As well as possible behavioural changes, there may well be an effect on both the way people consult with their physicians, and the effect of onward referrals as a result of consultations following a DTC test. There is evidence from the studies in this review that intending to, or actually having a DTC test was associated with increased consultation (or planned consultation) with health professionals. There are two concerns for consideration here: the first is the level of specialist genetic knowledge in primary care (concerns were expressed in two studies),18, 28 the second is the possible increased cost of health care because of increased demand for consultation and related screening or diagnostic tests.

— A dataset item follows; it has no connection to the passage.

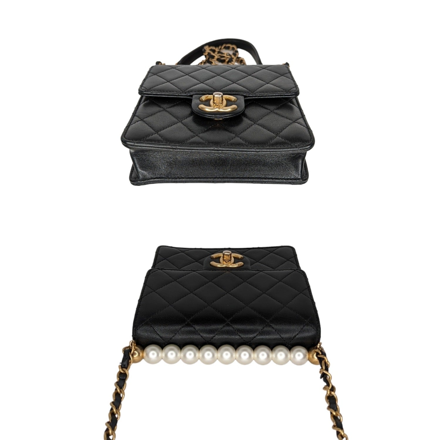 Chanel bags Goatskin Quilted Chic Pearls Flap in Black. This stylish shoulder bag is crafted of diamond-quilted textured goatskin leather. The bag features leather threaded aged gold chain strap, imitation pearls aligned on the top, and a flap with an aged gold classic CC turn lock. This opens to a gold leather interior with patch pockets.

There is evidence that a large percentage of the population use the Internet to access health information.39 A possible outcome of this is that individuals may, as consumers rather than patients, access DTC tests that may not have proven clinical validity or utility. In contrast, individuals consulting a health professional for information on such tests would benefit from the health professional's ability to access information on the clinical validity and utility of these tests.40 Consumers of DTC tests may be exposed to information and advertising material that is not fully informative and some tests based on weak associations. They may therefore be purchasing tests that are of little value related to their health-care management. However, in cases where the testing indicates that an individual is a carrier for a recessive condition or has inherited a mutation that confers significant additional risk (such as a BRCA1 mutation) to the individual and potentially their biological relatives, genetic counselling by a qualified professional will usually be necessary to ensure the information is able to be used by the individual and their family members in a way that promotes their wellbeing.

Conclusions

It is likely that there will be public interest in DTC testing, assuming that awareness increases and this interest will have educational implications, both for certain sectors of the general population and for health-care professionals. Factors such as age, professional status, marital status and health information seeking behaviour have been cited as predictors of not only awareness, but level of knowledge and perception of risks. For this reason, more research is needed to identify the experiences of actual users of DTC tests. Unfortunately, there may be few users and they may not be easy to reach if they are motivated to guard their privacy by bypassing a health-care professional, to avoid information being incorporated into their medical record. Companies may also be keen to safeguard their own clientele.32

Finally, a public that is more aware and knowledgeable will need to be well informed about issues such as privacy, the quality of DTC tests and the evidence that supports them. However, those who wish to consult a health-care professional following a DTC test for evidence-based advice on their future health care and lifestyle will inevitably place additional pressures on the health service.